(Beginning of Available data)

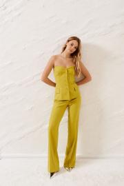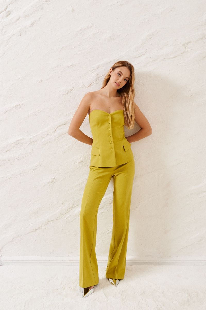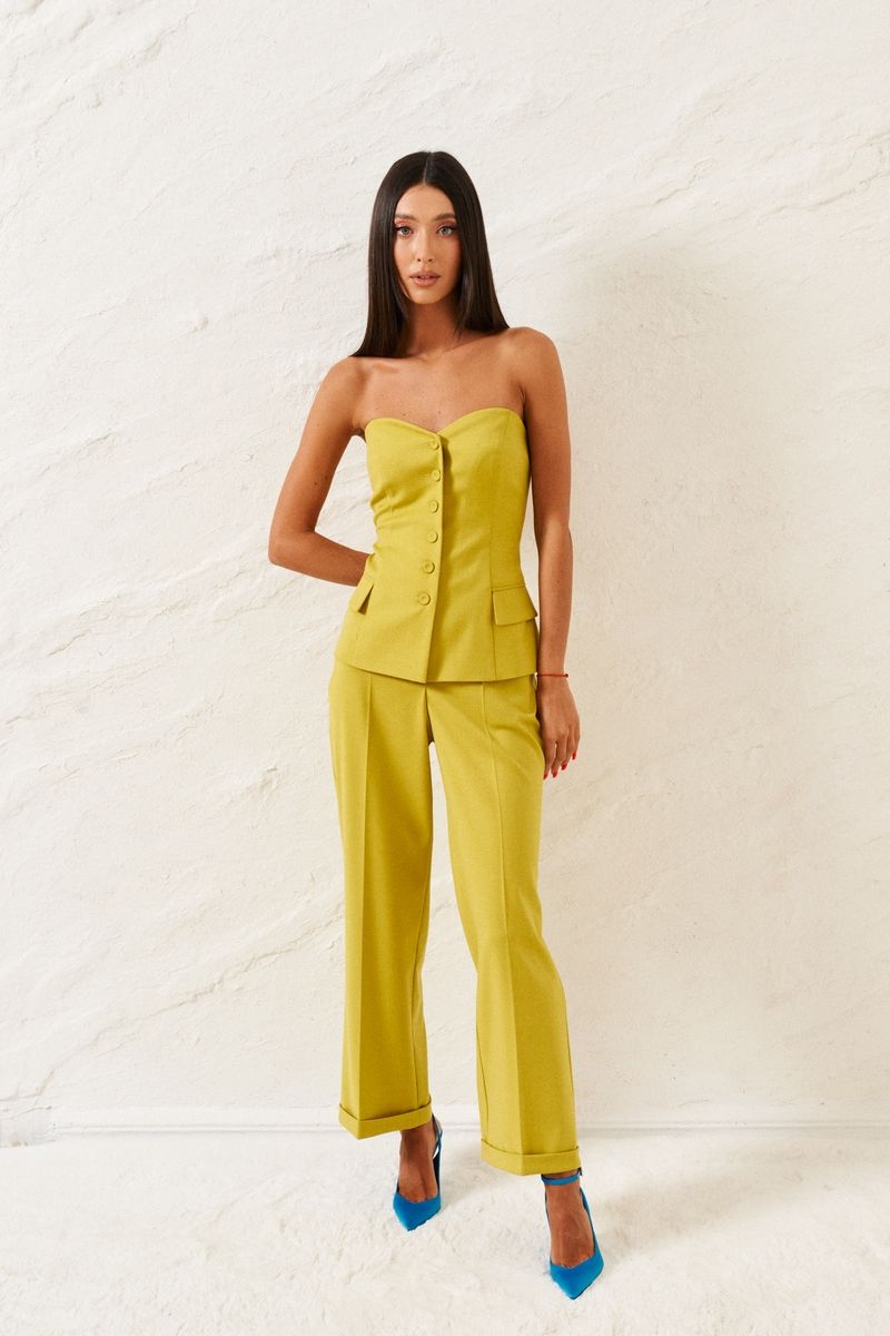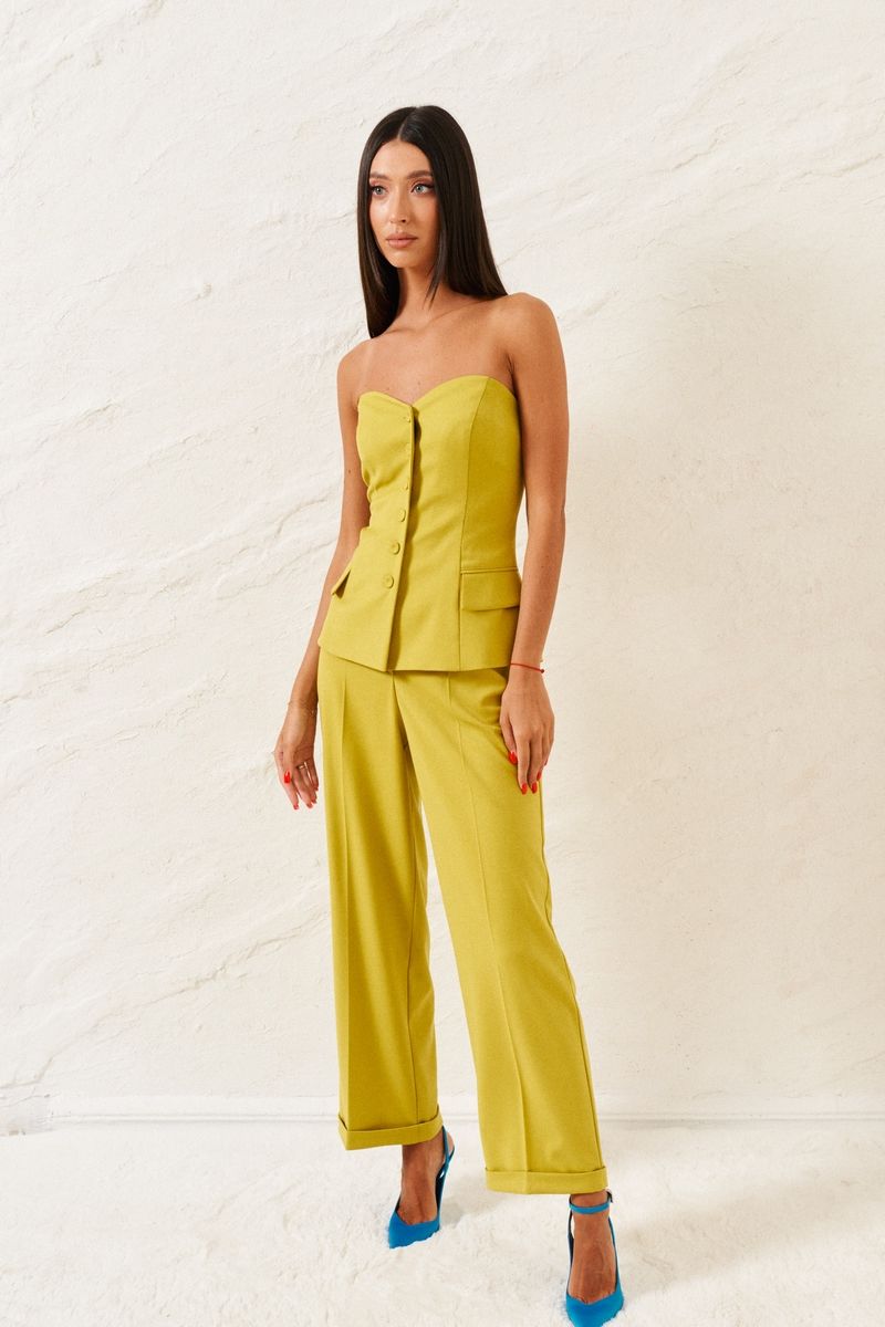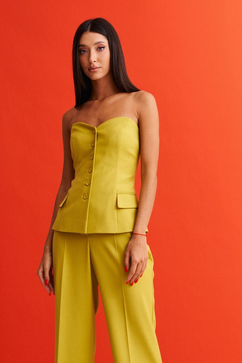 Жилет с открытыми плечами выполнен из легкого костюмного полотна грушевого цвета. Характеристики: открытые плечи, подкладка, фигурный вырез горловины, застежка центральна на петли пуговички , пуговички декорированы тканью основного изделия, имитация карманов с клапаном. Длина по спинке 38 см.
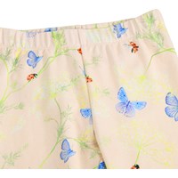 Rosa leggings för de små i ekologisk bomull med ett fjärilsmönster. De har en elastisk midja och en mjuk, bekväm passform.
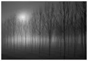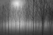 Winterlandschap bij het eerste ochtendgloren, de zon filtert moeizaam haar stralen door de mist en verwarmt de populieren. Landschappen tussen de rivieren Olio en Po. Foto uitgereikt op Hipa in 2018
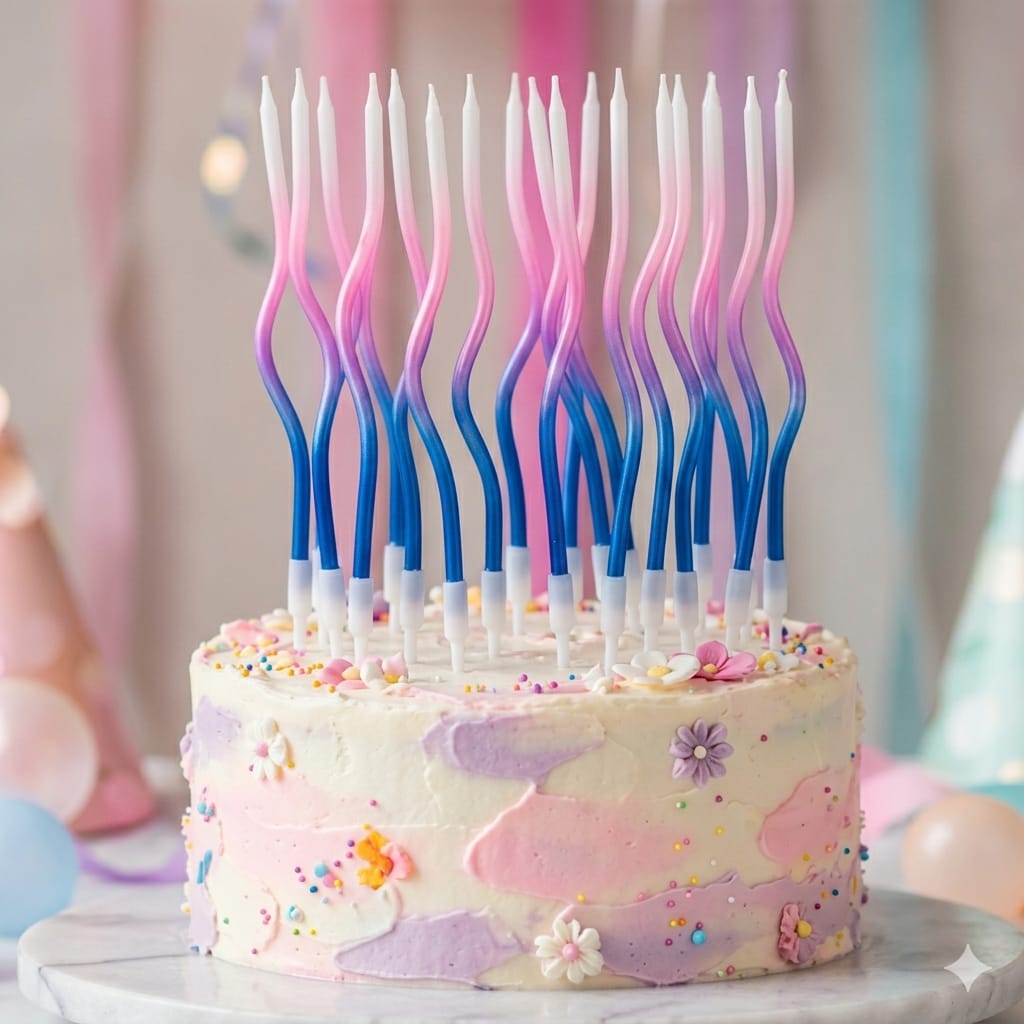 VELA C/ONDAS DEGRADE 3 COLORES CELESTE/ROSA/BLANCO x 12 Unid. IMP. 64223

(End of Available data)

▸ **Task objective**: All of the data gets printed again exactly; the pictures do not.

▸ **Task answer**:
 Жилет с открытыми плечами выполнен из легкого костюмного полотна грушевого цвета. Характеристики: открытые плечи, подкладка, фигурный вырез горловины, застежка центральна на петли пуговички , пуговички декорированы тканью основного изделия, имитация карманов с клапаном. Длина по спинке 38 см.
 Rosa leggings för de små i ekologisk bomull med ett fjärilsmönster. De har en elastisk midja och en mjuk, bekväm passform.
 Winterlandschap bij het eerste ochtendgloren, de zon filtert moeizaam haar stralen door de mist en verwarmt de populieren. Landschappen tussen de rivieren Olio en Po. Foto uitgereikt op Hipa in 2018
 VELA C/ONDAS DEGRADE 3 COLORES CELESTE/ROSA/BLANCO x 12 Unid. IMP. 64223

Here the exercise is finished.